Parallel Computer Architecture - Introduction



In the last 50 years, there has been huge developments in the performance and capability of a computer system. This has been possible with the help of Very Large Scale Integration (VLSI) technology. VLSI technology allows a large number of components to be accommodated on a single chip and clock rates to increase. Therefore, more operations can be performed at a time, in parallel.

Parallel processing is also associated with data locality and data communication. Parallel Computer Architecture is the method of organizing all the resources to maximize the performance and the programmability within the limits given by technology and the cost at any instance of time.

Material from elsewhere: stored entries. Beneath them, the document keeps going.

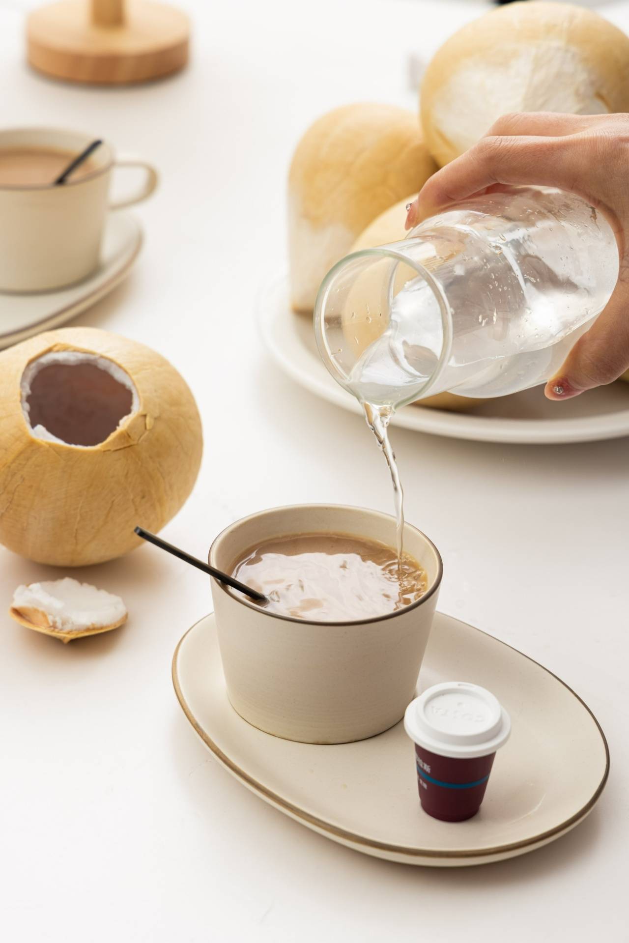 那么香的椰皇不但可以直接喝,还可以搭配咖啡,制作一杯生椰拿铁,浓郁又好喝~
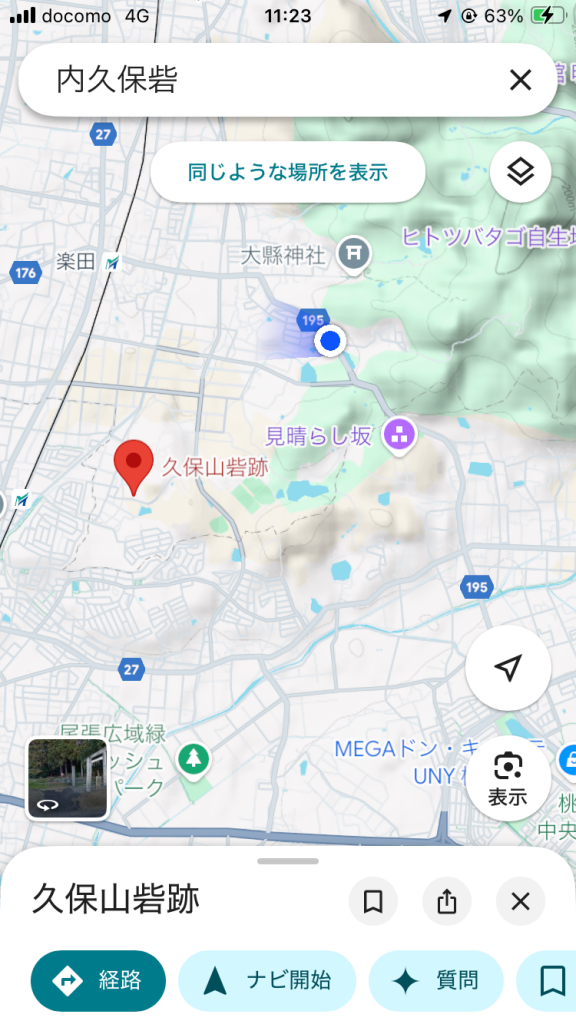 物狂峠とは、楽田城から東に大縣神社への参道(県道177号線)を進むと、途中分岐して小牧市池之内へと出る峠道(県道195号線)です。
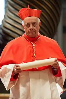 On 4 January 2015, following his weekly Angelus address, Pope Francis announced that he would make him a cardinal during a consistory to be held on 14 February.[2] At that ceremony, he was assigned the titular church of San Policarpo.[3] In April 2015 he was appointed a member of the Congregation for the Clergy and the Pontifical Council for Justice and Peace (the latter which was dissolved in 2016). He holds his membership in the former body until he turned 80 on 30 January 2019 at which point he also became ineligible to vote as an elector in a future papal conclave.
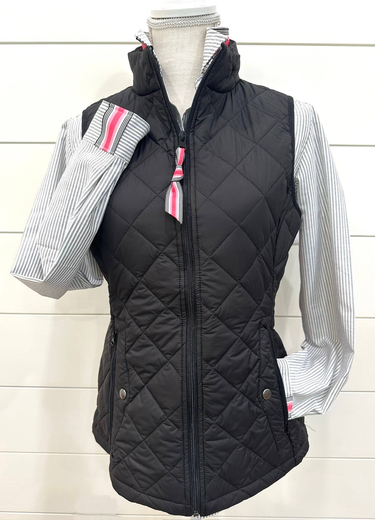 Gilet rembourré Maggie May - noir à rayures noires, blanches et rouges
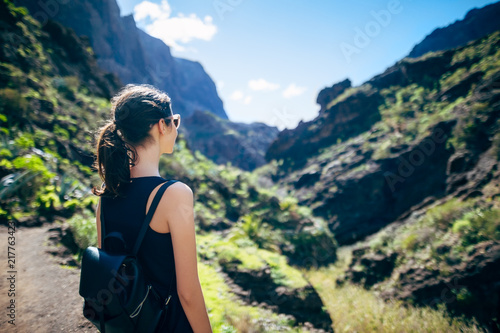 © GVS, Naklejka premium Traveler woman enjoy amazing Masca Gorge valley landscape on Tenerife island
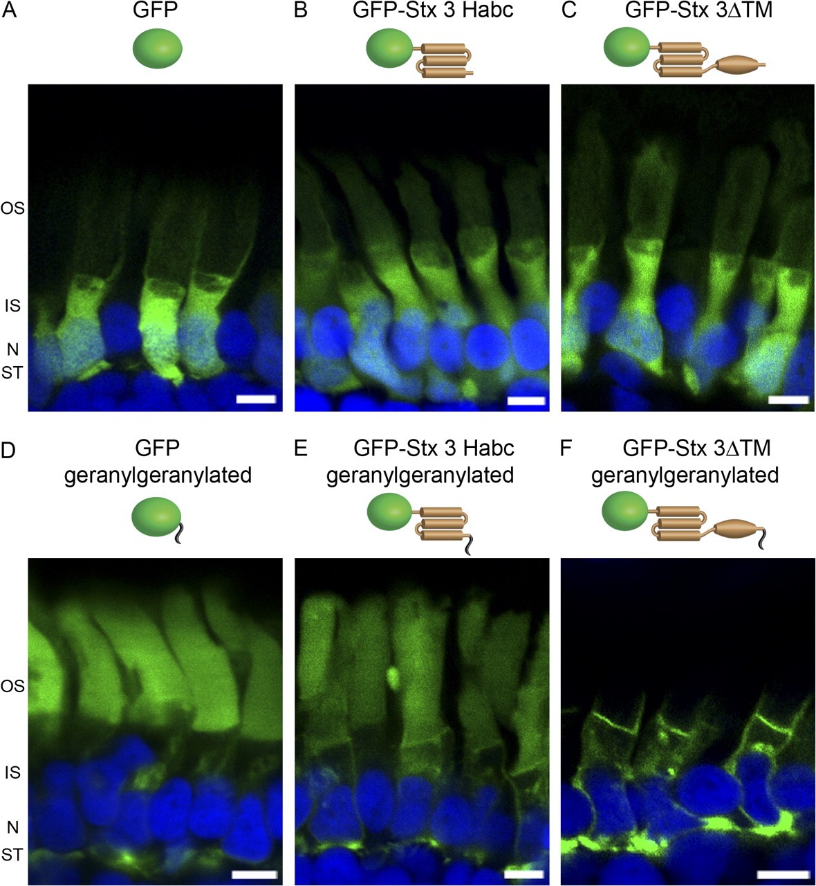Figure 5. Localization of soluble and geranylgeranylated GFP-tagged syntaxin 3 mutants in transgenic Xenopus rods. (A) Soluble GFP. (B) GFP-tagged syntaxin 3 lacking both the SNARE and transmembrane domains. (C) GFP-tagged syntaxin 3 lacking the transmembrane domain. (D) Geranylgeranylated GFP. (E) Geranylgeranylated GFP-tagged syntaxin 3 lacking the SNARE homology domain and transmembrane domain. (F) Geranylgeranylated GFP-tagged syntaxin 3 lacking the transmembrane domain. OS, outer segment; IS, inner segment; N, outer nuclear layer; ST, synaptic terminal. Bars, 5 μm.

Why Parallel Architecture?

Parallel computer architecture adds a new dimension in the development of computer system by using more and more number of processors. In principle, performance achieved by utilizing large number of processors is higher than the performance of a single processor at a given point of time.

Application Trends

With the advancement of hardware capacity, the demand for a well-performing application also increased, which in turn placed a demand on the development of the computer architecture.

Before the microprocessor era, high-performing computer system was obtained by exotic circuit technology and machine organization, which made them expensive. Now, highly performing computer system is obtained by using multiple processors, and most important and demanding applications are written as parallel programs. Thus, for higher performance both parallel architectures and parallel applications are needed to be developed.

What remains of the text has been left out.